__Data for this task__:

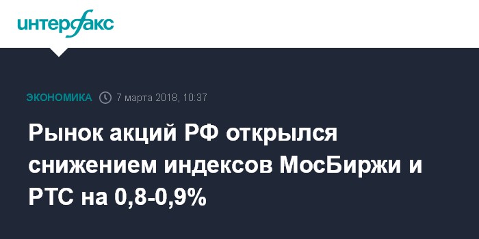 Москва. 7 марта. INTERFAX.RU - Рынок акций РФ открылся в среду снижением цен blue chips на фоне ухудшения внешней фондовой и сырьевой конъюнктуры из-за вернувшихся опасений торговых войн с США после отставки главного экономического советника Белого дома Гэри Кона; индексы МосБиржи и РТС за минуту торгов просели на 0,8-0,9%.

==

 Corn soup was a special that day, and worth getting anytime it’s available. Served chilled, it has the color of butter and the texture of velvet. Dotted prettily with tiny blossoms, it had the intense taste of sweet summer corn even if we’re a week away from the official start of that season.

==

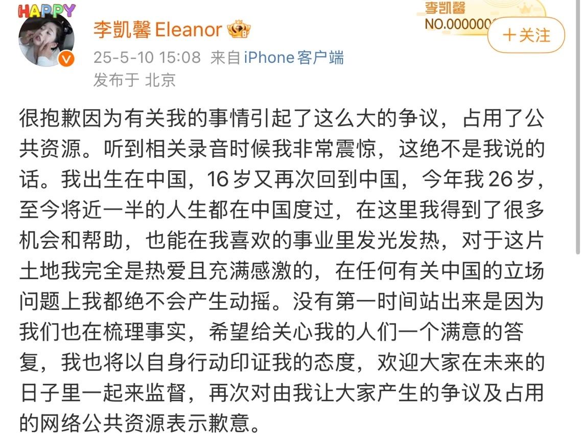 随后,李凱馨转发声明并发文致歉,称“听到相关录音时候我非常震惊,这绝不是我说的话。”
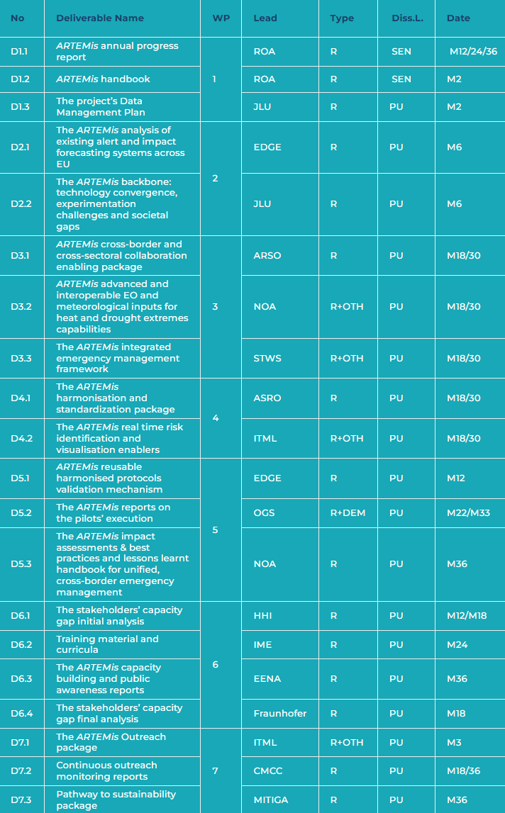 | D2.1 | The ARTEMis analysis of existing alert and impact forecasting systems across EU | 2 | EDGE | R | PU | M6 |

__Problem to solve__:
Everything above from the line containing "随后,李凱馨转发声明并发文致" through the line containing "R | PU | M6 |" must be repeated exactly, and the pictures must be left out.

__Solution to this exercise__:
 随后,李凱馨转发声明并发文致歉,称“听到相关录音时候我非常震惊,这绝不是我说的话。”
 | D2.1 | The ARTEMis analysis of existing alert and impact forecasting systems across EU | 2 | EDGE | R | PU | M6 |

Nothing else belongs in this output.